Zwar räumte das Gericht ein, dass ein Betriebsleiterwohnhaus in der unmittelbaren Nachbarschaft zu den landwirtschaftlichen Gebäuden dem Betrieb grundsätzlich „förderlich“ ist. Das beantragte Wohnhaus auf dem Grundstück des Klägers „diene“ aber deshalb nicht dem landwirtschaftlichen Betrieb, weil es auf dem Hofgrundstück genug Wohnraum gebe, um auch generationsübergreifend den Fortbestand des Betriebs zu sichern.
Die Richter entschieden, dass sich der Kläger auch nicht nach Treu und Glauben darauf berufen kann, dass alle vier Wohnungen bewohnt sind. Denn er habe seinem Sohn ja den Betrieb übergeben, wohlwissend dass es für ihn dort keine angemessene Wohnung gibt. Dadurch, dass er der Schwester und den Schwiegereltern Wohnungen überlassen habe, sei der Hofstelle Wohnraum entzogen worden.

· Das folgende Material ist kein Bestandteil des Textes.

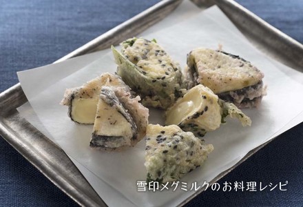 カマンベールチーズの天ぷらです。揚げる際に、チーズが流れでないようチーズの切り口を海苔としその葉でしっかり覆いましょう。さっと揚げて、熱々を食べると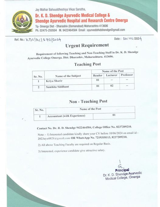 Vacancy For Teaching Faculty At Dr.K.D.Shendge Ayurvedic Medical College & Hospital,Omerga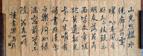 山光照檻水繞廊,舞雩歸詠春風(fēng)香。好鳥枝頭亦朋友,落花水面皆文章。蹉跎莫遣韶光老,人生唯有讀書好。讀書之樂樂何如,綠滿窗前草不除。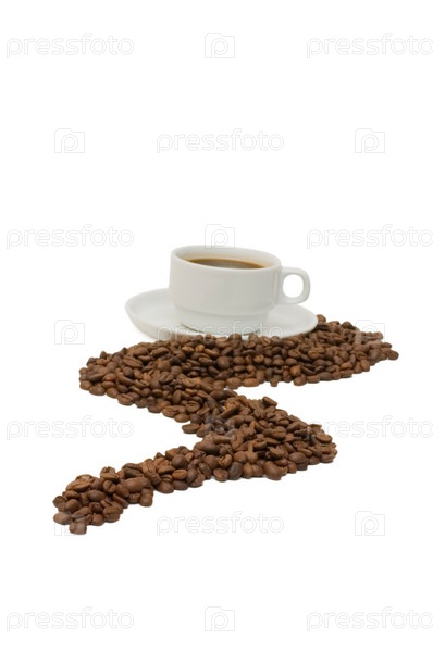 Чашка кофе с кофейными зернами на белом фоне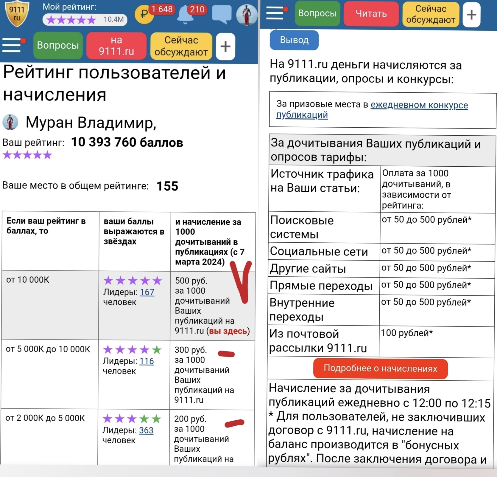 Знаете возможно кто то и зарабатывает много денег на платформе 9111 хотя я таких не знаю, но большинство думаю копейки получают, у меня максимальный доход 3 рублей в день и это необходимо каждый день статьи загружать, который много времени отнимают ,но то что сразу тут какие то копейки получаешь без порога входа монетизации в отличие от других платформ , это да преимущество есть, но опять таки копейки заработаешь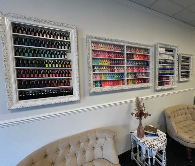 The salon owner is joined in the beauty space by fellow nail pro, Angela, who she says she would ‘be lost without’. Both techs offer a variety of treatments, including pedicures and builder gel and L&P acrylic enhancements. They work with brands including OPI, Navy Professional, VINA, Kinetics, The GelBottle Inc, NSI and Swarovski. “We believe it’s important to use high-quality products,” Aysana says. “We also have a Vodex SalonAir dust collector to support the health of our team and clients.”

Auch die ständige Anwesenheit des Betriebsinhabers hielt das Verwaltungsgericht nicht für notwendig, damit die landwirtschaftlichen Maschinen ausreichend vor Diebstahl und Brand geschützt sind, denn Diebe würden genauso gut von den bereits bestehenden Wohnungen abgeschreckt, die sogar näher an den Scheunen und damit an den Maschinen stünden.

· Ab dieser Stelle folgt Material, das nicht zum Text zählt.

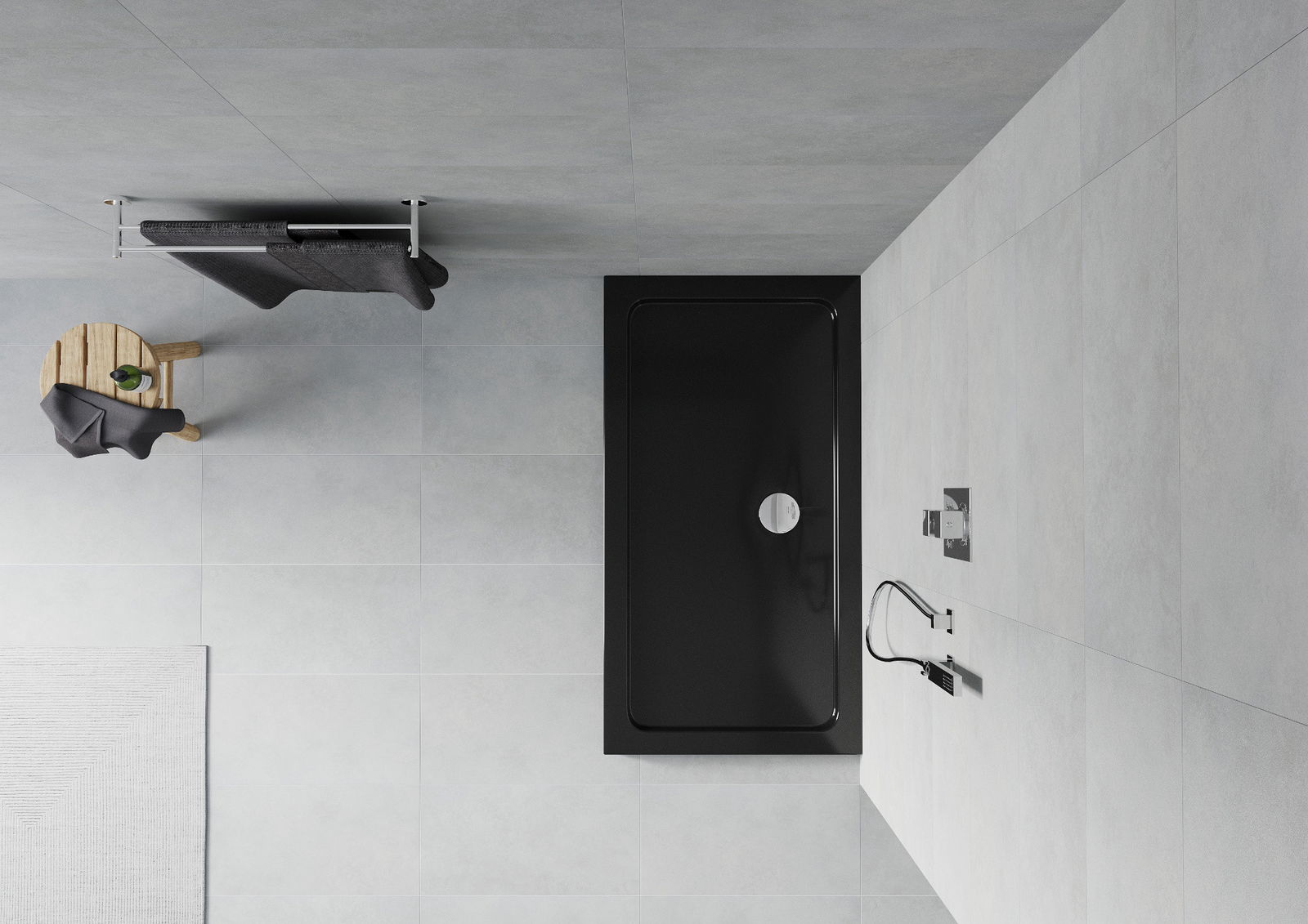 Den Douchebueden ass esou entwéckelt, datt d'Waasser fräi an d'Richtung vum Oflaaf kann oflafen. Et garantéiert en schnellen an effizienten Ofleedung vum Waasser vun der Uewerfläch vum Douchebued, fir d'Entstoe vu Pätz a Läcken an der Buedzëmmer ze vermeiden.

Wohnraum für zwei Generationen reicht
Dieser Ansicht schloss sich das Oberverwaltungsgericht (OVG) Lüneburg an und wies damit den Antrag des Klägers ab, mit dem er die Zulassung der Berufung erreichen wollte. Darin hatte er gegen das Urteil des Verwaltungsgerichts eigewandt, er habe seinem Betrieb keinen Wohnraum entzogen, sondern den Wohnraum nur auf Zeit Mitgliedern der Familie überlassen, die darauf angewiesen seien. Das sei eine in der Landwirtschaft übliche familiäre Solidaritätsleistung. Das Gericht könne auch nicht vorschreiben, seinen Sohn und künftigen Betriebsinhaber auf eine Wohngemeinschaft mit dessen Bruder zu verweisen.

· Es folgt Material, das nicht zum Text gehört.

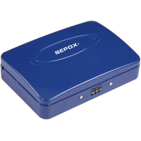 SEPOX portable security case lock box made of durable steel with high-quality zinc alloy code wheel. Features a resettable 3-dial combination lock for personalized security. Ideal for travel, home, office, or car. Includes a security cable to secure the box to a fixed object. External size approximately 8.1 x 5.7 x 1.9 inches. Weight: 23 oz (650g).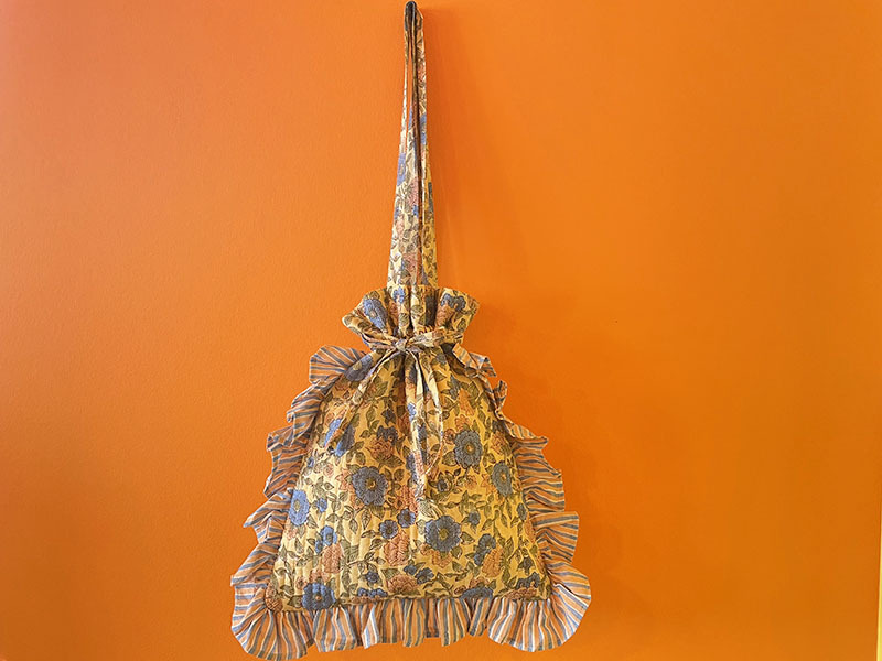 インド ブロックプリント フリル巾着トートバッグ フラワー イエロー [256019]

Dem OVG reichte der Vortrag aber nicht für die Zulassung der Berufung: Die Richter erklärten die Begründung für zutreffend, mit der das Verwaltungsgericht den Anspruch auf die Baugenehmigung für ein weiteres Betriebsleiterwohnhaus abgelehnt hat. Die entspreche nämlich der in der Rechtsprechung verbreiteten und (jedenfalls üblicherweise) richtige Annahme, dass es im Regelfall ausreicht, wenn für einen landwirtschaftlichen Vollerwerbsbetrieb Wohnraum für zwei Generationen zur Verfügung steht. Für ein weitergehendes Wohnungsangebot fehle das Merkmal des „Dienens“ im Sinne des § 35 Abs. 1 Nr. 1 BauGB.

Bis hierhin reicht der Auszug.